I awoke the next morning in a panic. "Another kid? What about my career?! My time?! My life?! My boobs?! What the eff was I thinking?!" Then I reminded myself that it had taken us more than a year to conceive the first time, so I figured chances were slim that this one would stick.
A few days later I felt a twinge-y/cramp-y ping! in my lower abdomen. Nooo... I suddenly regretted having mocked those hippie chicks who claimed they could feel the moment of conception. In that instant I was hit with the reality of what we'd done. It was sharper and more startling than stepping on a Barbie shoe in the middle of the night. Our lives were about to be ruined. I convinced myself that since we'd used up all our good genes on the first kid, #2 would be a disaster of epic proportions.

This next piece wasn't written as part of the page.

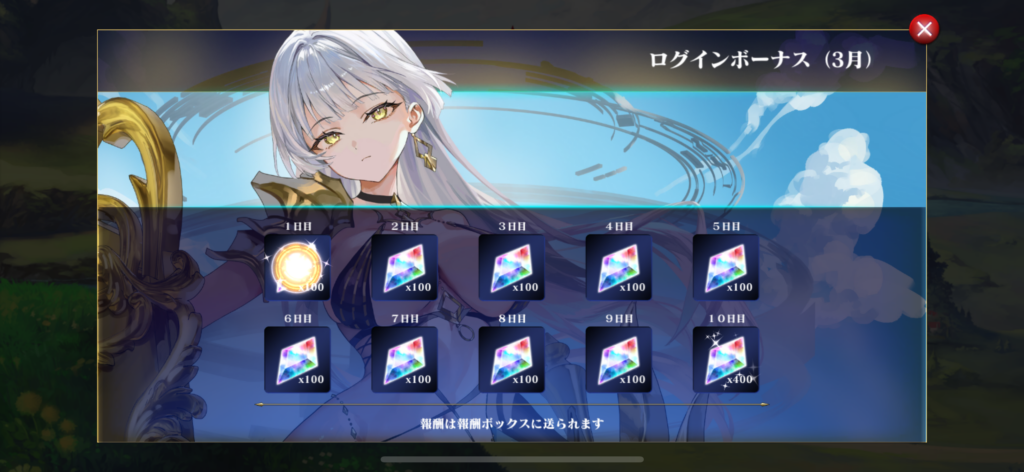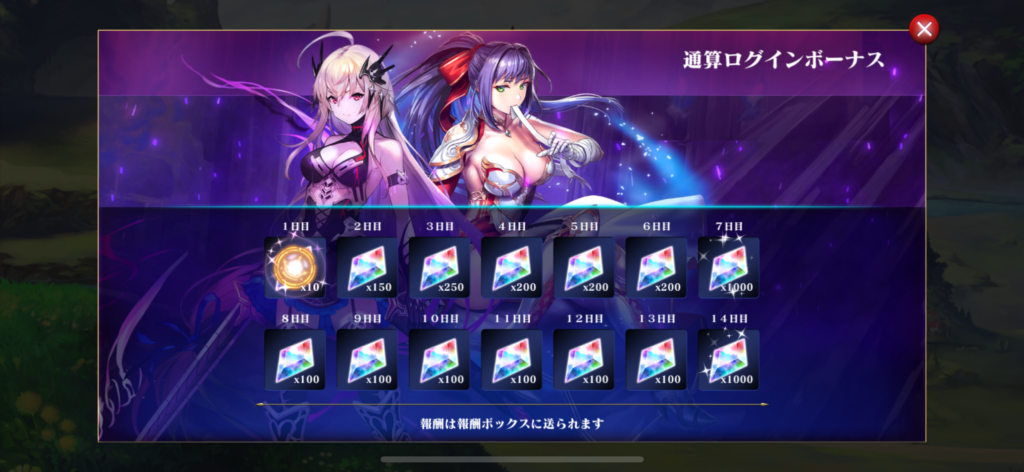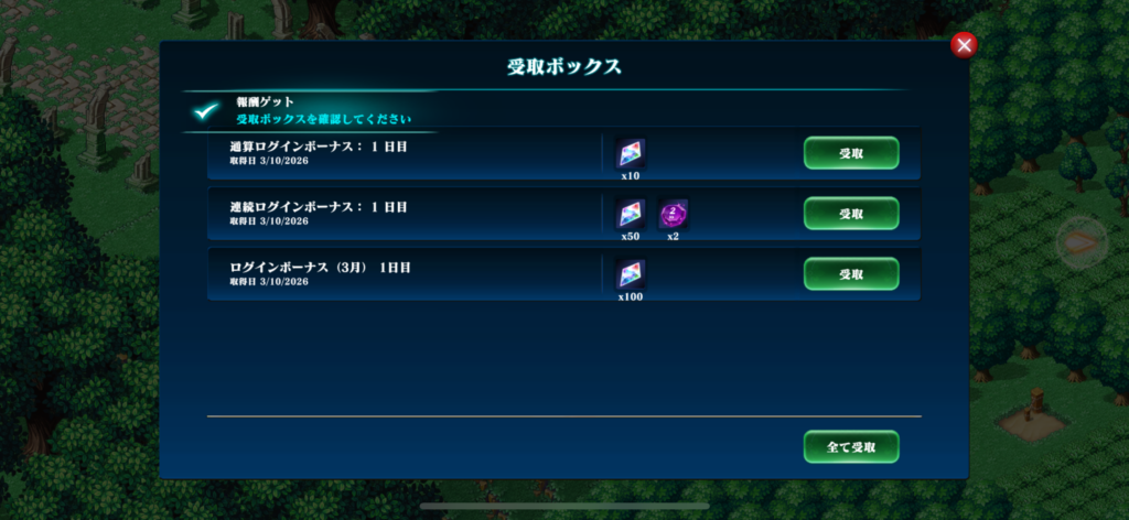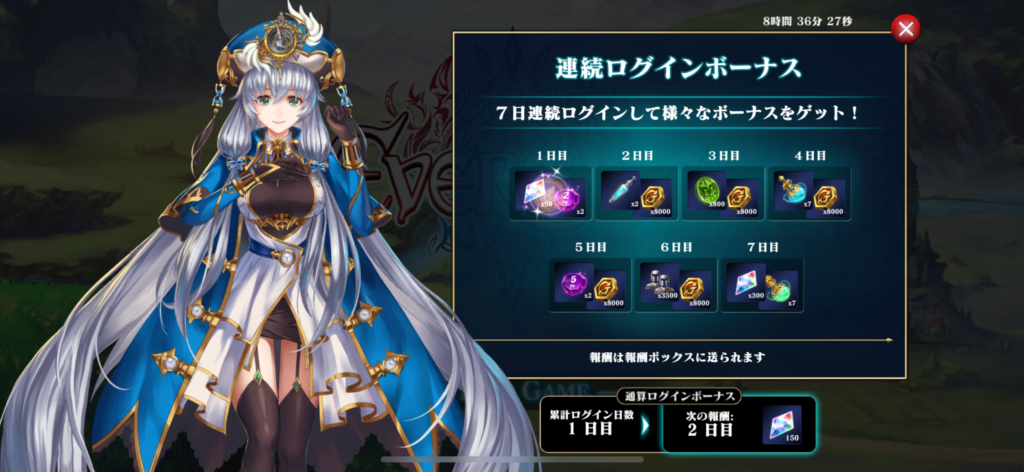 一度、ゲームを再起動するとログインボーナス画面になります。

Before I knew it, a strange set of symptoms appeared. First up: a hot, red rash that started on my arms, then migrated across my chest and stomach. I checked in with my old doctor friend (WebMD) and learned that many women experience hormonally induced hives in the first trimester.
Then came the vertigo. If you've never felt it, vertigo is like the bed spins you felt the first time you got drunk, but without that lemon-gin aftertaste.
So not only were we about to destroy our perfect little family, I was going to spend the next nine months stumbling around as a rashy, dizzy, gassy mess. (I may have neglected to mention the gas as I'm not entirely certain that was a pregnancy symptom.)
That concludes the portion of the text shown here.